Now we are quite flexible in approaching the price, realizing that the downside of sales is the consumer's capabilities. It used to seem like most people react to discounts. But during this crisis, the whole market began to offer them, and people began to change the consumption model, they evaluate the product differently, and still choose the price-quality ratio, focusing not on the size of the discount, but on the final price.
It turns out that you, unlike most retailers who choose a strategy of cost reduction and austerity during the crisis, do costs increase, on the contrary?
The need to optimize costs and we are not spared. But any optimization is good in moderation. If you cross a certain line, the company begins to lose potential revenue. Even in times of crisis, it is important to think about opportunities to increase profitability.
It is possible that, against the general background, our strategy can be called aggressive, but in reality this is the only chance to build processes aimed not only at compression, but also at development, because we understand that the crisis is not forever. We began to focus our resources more focused on strengthening the brand in the market.
And what exactly did the reduction affect?

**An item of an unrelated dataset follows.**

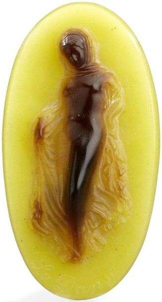 Bas-relief en pâte de verre jaune et ambre figurant une femme drapée.
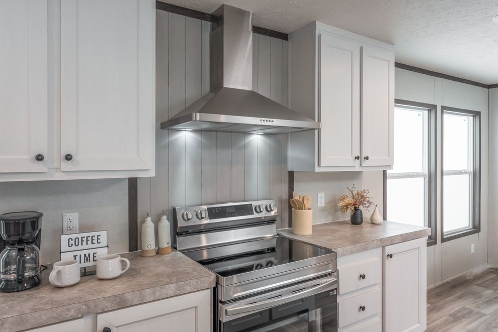 The MiYO / The Empower 35MYO32684AH built by Clayton Bonham showcases an impressive 2040-square-foot layout with 5 bedrooms and 3 bathrooms. The spacious design features an open concept living area perfect for gatherings, flowing seamlessly into a well-equipped kitchen with generous cabinetry and counter space.

First of all, all retailers began to work with three main cost items - rental, staff and marketing. At the end of the 2014 year, the first half of the 2015 year, and even until the end of last year, the entire market worked with the optimization of rental costs. For many retailers, some leases were denominated in foreign currency. Naturally, they worked not only in terms of the currency component, but also in terms of the ruble component, because any lease should have corresponded to income with a decreasing margin. By the end of the 2015 year, we rebranded 11 points, the rebranding plan for 2016 year was 22 stores, for 2017 year 23 or 25, new discoveries were going on at the same time - we entered the Atrium shopping center in Moscow, opened at the Ocean shopping center , in the shopping center "Aviapark", entered the Samara MEGA ...
At one time, street retail was actively developing in Russia, and then shopping centers went. What should be the ratio of street shops to retail outlets in shoe retail malls?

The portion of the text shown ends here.